Experiments . | w1 . | w2 . | w3 . | w4 . | w5 . | w6 . | w7 . | w8 . |
---|---|---|---|---|---|---|---|---|
nDP-L5, nDP-Q5; nSDP-L5, nSDP-Q5; nRL-L5, nRL-Q5 | 2,000,000 | 2,000,000 | 200 | 1 | 200 | 1 | 300 | 0.01 |
Experiments . | w1 . | w2 . | w3 . | w4 . | w5 . | w6 . | w7 . | w8 . |
---|---|---|---|---|---|---|---|---|
nDP-L5, nDP-Q5; nSDP-L5, nSDP-Q5; nRL-L5, nRL-Q5 | 2,000,000 | 2,000,000 | 200 | 1 | 200 | 1 | 300 | 0.01 |
The main OF combines three distinct objective types: the minimum and maximum reservoir critical levels that are measured in m, the water user demands that are measured in 103 m3/per time step (week or month) and the hydropower energy production that is measured in MWh/per time step (week or month). This is the main reason why the weights have different magnitudes. A similar approach is taken in other previous research studies (e.g., Pianosi & Soncini-Sessa 2009; Rieker 2010; Quach 2011).
The weights are set according to the objective importance and create the ORO policy. The most important objective is the environmental flow (w7) followed by cities' water demands (w3 and w5), agriculture demands (w4 and w6), and lastly hydropower production (w8). The hydropower weights were set extremely low for two main reasons: (1) the hydropower objective by the reports is considered as a by-product from reservoir operation and not its main feature; and (2) to lower as much as possible the influence of hydropower in ORO, and have a valid ground in comparing nSDP and nRL.
The nDP results of testing data are ‘the optimal operation’, meaning that nDP is a deterministic optimization and calculates the ORO. The nSDP and nRL, on the other hand, are trained on training data, producing a policy, and have not seen the testing data. The nDP results are used as a benchmark for the nSDP and nRL policies. The closer the policies derived by nSDP and nRL are to nDP, the better they are.

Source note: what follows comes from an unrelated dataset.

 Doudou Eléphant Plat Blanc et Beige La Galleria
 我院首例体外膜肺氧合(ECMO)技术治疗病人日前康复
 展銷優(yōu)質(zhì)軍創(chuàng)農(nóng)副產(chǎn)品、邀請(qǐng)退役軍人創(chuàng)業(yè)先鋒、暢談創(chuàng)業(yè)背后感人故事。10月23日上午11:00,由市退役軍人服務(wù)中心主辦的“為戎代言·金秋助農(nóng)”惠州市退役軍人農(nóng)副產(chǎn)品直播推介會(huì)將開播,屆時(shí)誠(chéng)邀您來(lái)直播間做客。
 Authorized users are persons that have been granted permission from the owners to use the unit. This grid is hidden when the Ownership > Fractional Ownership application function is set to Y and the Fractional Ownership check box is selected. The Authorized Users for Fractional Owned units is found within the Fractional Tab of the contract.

The algorithms are additionally labelled to denote the deficit formulations used in the nOAA. For example, nDP-L5 stands for nDP using the linear deficits' formulation, and nDP-Q5 stands for nDP using the quadratic deficits' formulation. The nRL parameters at the beginning are set at: α0 = 0.8, γ = 0.5 and ɛ = 0.8. The parameter α is set to decrease linearly with the number of episodes. The maximum number of episodes is set to M = 400,000. There were various approaches tested for decreasing ε, and the one used in the experiments is decreasing ε on each 100,000 episodes by half. Starting at ε0 = 0.8 and with increasing the number of episodes the agent is making less exploration and more exploitation actions, and insuring convergence to the optimal solutions.
RESULTS AND DISCUSSION
The absolute difference between the nRL-L5 and nDP-L5 optimal reservoir volumes can be used as the stopping criterion. Obviously, the nRL-L5 optimal reservoir policy performs best between 80,000 and 160,000 episodes of training. Afterwards, the policy somewhat deteriorates, although it is still relatively good.

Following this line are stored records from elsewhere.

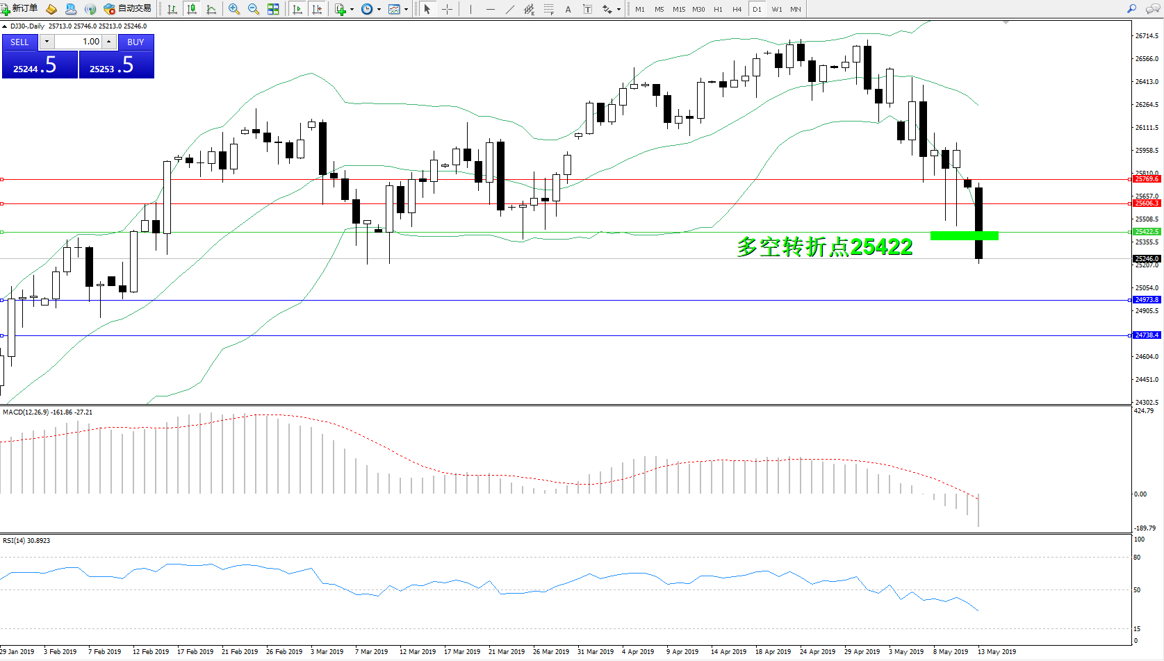 由于贸易局势紧张,市场担忧紧张局势进一步扩大,并影响全球经济。美股科技股集体重挫。道琼斯工业平均指数收跌617.38点,跌幅2.38%,报25324.99点。中国像以往一样快速报复是一个明确的信号,表明他们不会接受摆布,市场本期待中国更友好一些,甚至期待对中国产生些许自满情绪。有趣的是周末没有行动,而是在周一早上,刚好赶上市场开盘。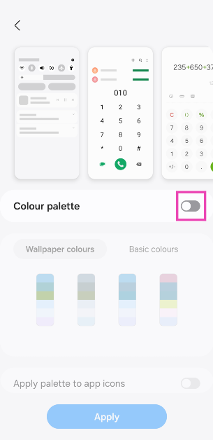 Gidip gelmekAyarlar> Duvar Kağıdı ve Stil> Renk Paletive 'Renk paleti' için geçiş anahtarlarını açın ve 'Uygulama simgelerine palet uygulayın'. Listeden bir renk seçin.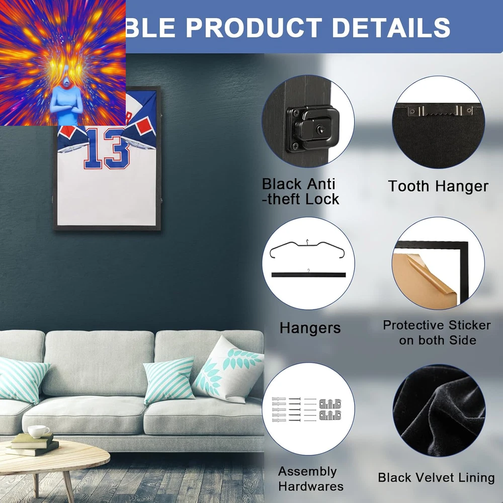 Store New Arrivals Add to Favorite View Feedback Contact Jersey Frame Display Case - Wall Mount Sports Jersey Display - Lockable Flat Jersey Shadow Box with 98% UV Protective Acrylic Door for Football,Hockey,Basketball,Baseball Sports Jersey - Black Description Frame Size 31.25 x 23.25 x 1.5 inches Item model number JerseyFrame-1Pcs Mounting Type Wall Mount Assembly required No Batteries required No Product Dimensions 23.25"L x 1.5"W x 31.25"H Item Shape Black Frame with Black Lock 1 Pcs Country of Origin China Fabric Type Wood Item Weight 11.23 pounds Color Black Shape Black Frame with Black Lock 1 Pcs Frame Material Wood Included Components Shadow Box Wood EXTERIOR DESIGN - Nixvexy jersey frame is made of wood covered with a black fade-resistant matte finish, along with a flat frame design that is not only durable, but also more smooth and harmonious. Highly translucent acrylic panels and black metal anti-theft locks protect the collection from dust and curious fingers; black velvet lining better complements your prized jersey. JERSEY PROTECTION - The high-definition, 98% UV - protected acrylic panels not only protect against dust, but also protect the jersey from yellowing and fading in natural light. The metal anti-theft locks and opening door are designed to make it easy to change jerseys and other collectibles, while keeping them safe while on display. MULTIPLE DISPLAY OPTIONS - Nixvexy jersey frame comes with a metal hanger, a wooden hanger and a KT board. The hangers is suitable for framing sleeveless and short-sleeved jerseys, while the KT board is more compact and flat, suitable for long-sleeved jerseys. You can choose the right way of framing jerseys according to your actual needs. The jersey frame comes with metal hooks and hanging accessories, which can help you hang your precious jerseys proudly on the wall for display. FIT SIZE - Nixvexy jersey case measures 31.25" x 23.25" x 1.5", which can fit most jerseys, such as basketball, soccer, baseball, field hockey and so on. It can also be used as a large shadow box for displaying your graduation memories, photos, sports memorabilia and other precious items, etc. IDEAL GIFT FOR SPORTS FANS- Smooth, beautiful and durable design, multiple display options, excellent collection display and protection and secure packaging design make the Nixvexy jersey frame an ideal gift for family, friends and sports enthusiasts. Product Description Nixvexy Jersey Frame Display Case Made of wood covered with a black fade-resistant matte finish, along with a flat frame design. Durable,more smooth and harmonious. Suit For Different Size Jersey Nixvexy jersey case measures 31.25" x 23.25" x 1.5", can fit most kind of jerseys, such as basketball, soccer, baseball,hockey and so on. Black Anti-theft Locks protects your cherish jersey. Metal Hanger Metal Hanger is suitable for displaying short-sleeved jerseys/ Wooden Hanger Wooden Hanger is suitable for displaying sleeveless jerseys. Pin Board Pin Board can display jersey more firmly and without wrinkle, suitable for long-sleeved jerseys. ABOUT US We offer the best prices around on high quality products. Our E-store includes media such as books, movies, music and games while offering electronics, toys, sporting apparel, clothing, tools, general home, garden items and more. SHIPPING We are always working hard to ensure your package arrives as soon as possible. Please understand that some factors like weather, high postal traffic, and the performance of shipping companies are outside of our control. We offer free shipping to the lower 48 states and ship within 2 business days of payment, usually sooner. We do not accept P.O. Boxes. Please provide a physical address. For shipping outside of the continental USA, we only use eBay's Global Shipping Program.The item is shipped to KY and then sent to the rest of the world. International customers are responsible for all duties and taxes. Continue to check out in order to calculate costs for shipping the item to your country. Messages regarding eBay's Global Shipping Program MUST be directed at eBay EXCLUSIVELY. RETURNS We offer a 30-Day Return Policy on items which you are not completely satisfied with. You have the option for a full-refund or an exchange of the item. No returns are available on items shipped outside of the USA. PAYMENT We accept PayPal. CONTACT US This page content is yet to come Please ad us to your favorite seller and visit again later Thank You CUSTOMER SATISFACTION We try our very best to make sure every customer is completely satisfied. If there's a problem, message us! We're happy to help. WE ACCEPT Copyright © 2021 AutoDS. | All Rights Reserved

Figure 5 results show that nDP-L5 and nDP-Q5, which are the target, have very low D1 and D2 deviation, and that nRL-L5 and nRL-Q5 are better than nSDP-L5 and nSDP-Q5. The same applies in D3–D7 deviations, while in D8 nSDP-L5 and nSDP-Q5 are not calculated. The nRL-L5 and nRL-Q5 produce better ORO policies than the nSDP-L5 and nSDP-Q5, as shown in Figure 5.
CONCLUSIONS
The paper presented nSDP and nRL novel ORO algorithms that can solve problems with multiple decision variables, successfully alleviating the curse of dimensionality. These algorithms were implemented and tested in the case of the Zletovica hydro-system with eight objectives and six decision variables.
The nSDP has issues in implementing several state variables without provoking the curse of dimensionality, thus adjustments were needed to fit nSDP to the case study optimization problem requirement. The nRL showed its true power with including all four stochastic variables implementing the complete optimization problem formulation, but its implementation and tuning requires additional effort. The main conclusion from the implementation of the algorithms is that nDP can implement complex optimization problem formulations without significant problems. The nSDP has limitations when additional optimization problem variables are included. The nRL is very powerful in implementing complex optimization problems, but needs tuning concerning its design, parameters, action list, convergence criteria, etc.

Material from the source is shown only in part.